2.9 Statistical analysis
Statistical analyses were conducted using one-way analysis of variance (ANOVA) with SPSS v22.0. Duncan’s multiple comparison test was used to evaluate differences among groups. A P-value of less than 0.05 was considered significant. All experiments were performed in triplicate.
3 Results
3.1 Isolation and enzyme-producing capacity
A total of 11 strains were isolated from the intestinal tract of the yellow croaker, among which four strains were screened to produce protease and lipase (Table 1). These four strains formed substantial discoloration zones on more than one type of medium after 24 h of incubation. Thus, these four strains, demonstrating high enzyme production capacities, were selected for further analysis.

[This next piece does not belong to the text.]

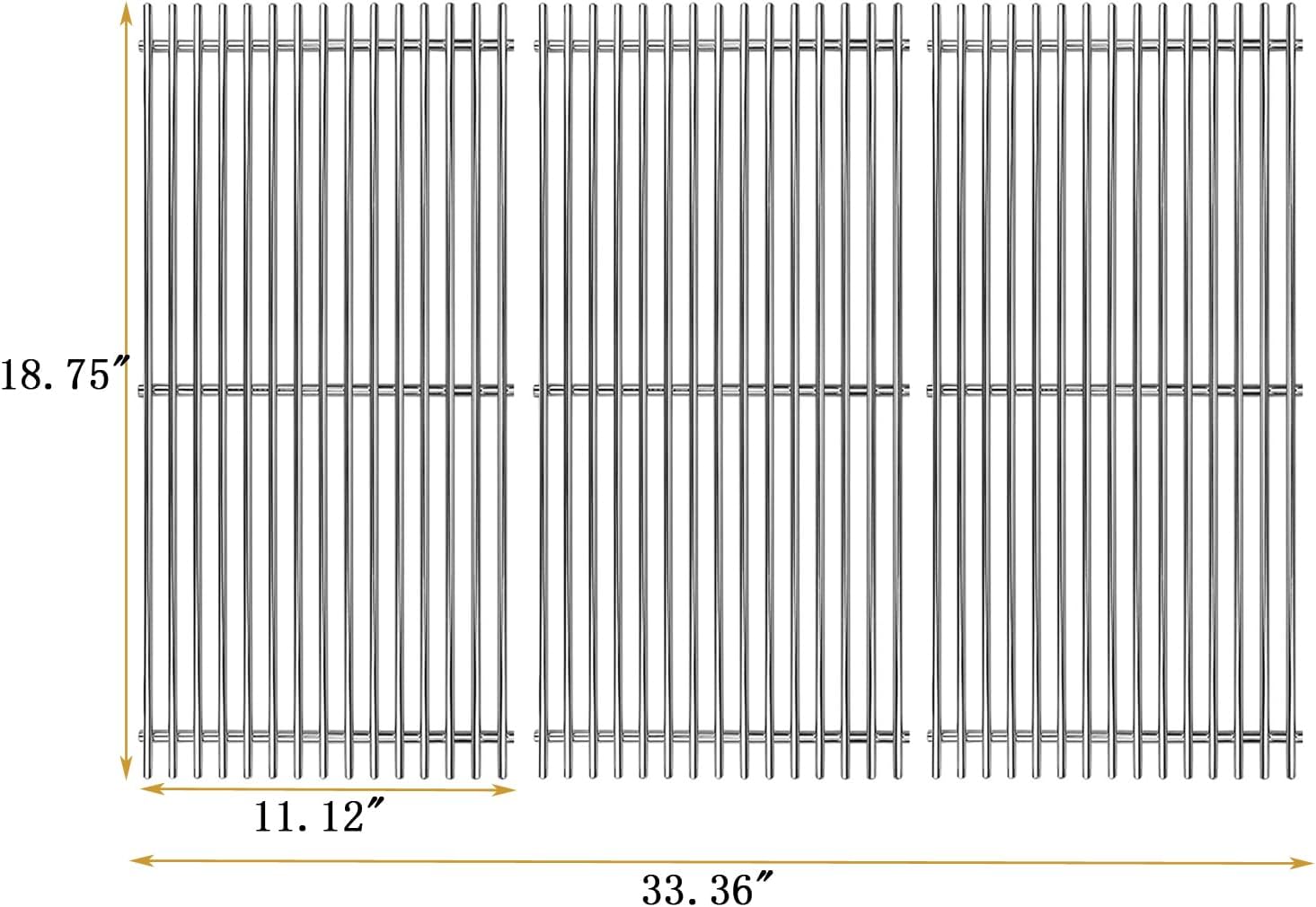 - 【Package】Including 3 pack stainless steel cooking grates,dimension: 18.75" x 11.12" for each grate, 18.75" x 33.36" for total. Comes with 3Pcs 304 Stainless Steel grill grates. Please kindly compare with the SIZE and MODEL of your original parts before you order

Table 1 Diameters (mm) of enzymatic circles of each isolated strain on protease, lipid, and amylase agar plates.
3.2 Antimicrobial activity of isolated strains
The results from in vitro assays evaluating the antagonistic potential against common pathogens are shown in Table 2 and Figure 1. These results indicate that the LYD11 strain exhibited inhibitory capabilities against two significant pathogens after 24 h of incubation, characterized by inhibition zones extending beyond 22 mm in diameter. Conversely, the LYD6 strain exhibited antagonistic properties against only one common pathogen.
Table 2 Diameter (mm) of inhibition zones for each isolate against common pathogens of large yellow croaker.

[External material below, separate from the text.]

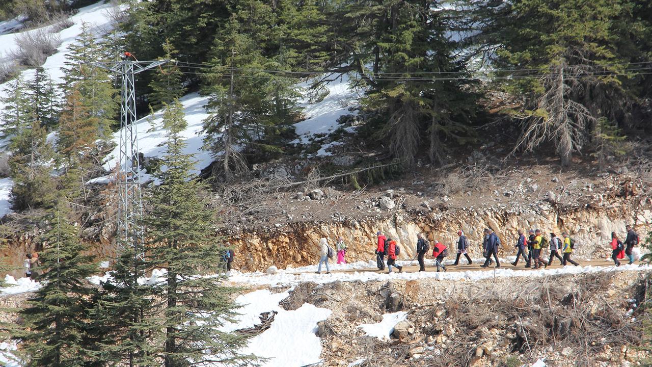 Konyalı doğaseverler, "Asrın felaketi" olarak nitelenen, 6 Şubat'ta meydana gelen depremlerden etkilenenlerin anısına Beyşehir'de kar yürüyüşü etkinliğinde bir araya geldi.
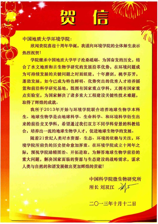 刮刮卡 (北京)水资源与环境刮刮卡 发来院庆贺信

Figure 1 Inhibitory effects of (A) LYD6 strain against V. harveyi, (B) LYD11 strain against V. harveyi, and (C) LYD11 strain against V. alginolyticus..
3.3 In vitro adhesion assay
Figure 2 presents the adhesion rates of the LYD6 and LYD11 strains to the mucus protein of the large yellow croaker. Results indicated that the mucus protein adhesion rate of LYD11 (13.57%) was higher than that of LYD6 (P< 0.05). Based on comparative analysis of adhesion capabilities, the LYD11 strain was chosen for further experimentation.
Figure 2 (A) In vitro adhesion results of LYD6 and LYD11 strains. (B) Bacterial LYD11 adhesion images.
3.4 Identification
Strain morphology was characterized by observational analysis. The LYD11 colonies formed on the LB solid medium were white, with a raised center and a rough and irregular morphology. Gram staining and microscopic examination identified LYD11 as a gram-positive bacterium with a short rod-shaped morphology (Figure 3A, B). The 16S rDNA sequences of the strains were compared with BLAST sequences in GenBank, revealing a homology of more than 99.8%. Phylogenetic analysis based on the 16S rDNA sequences was conducted using the proximity method. Results showed that the LYD11 strain was clustered with Lysinibacillus species, forming a distinct branch. Thus, comparison of the 16S rDNA gene sequences and phenotypic characteristics confirmed the identification of LYD11 as Lysinibacillus sp. (Figure 3C).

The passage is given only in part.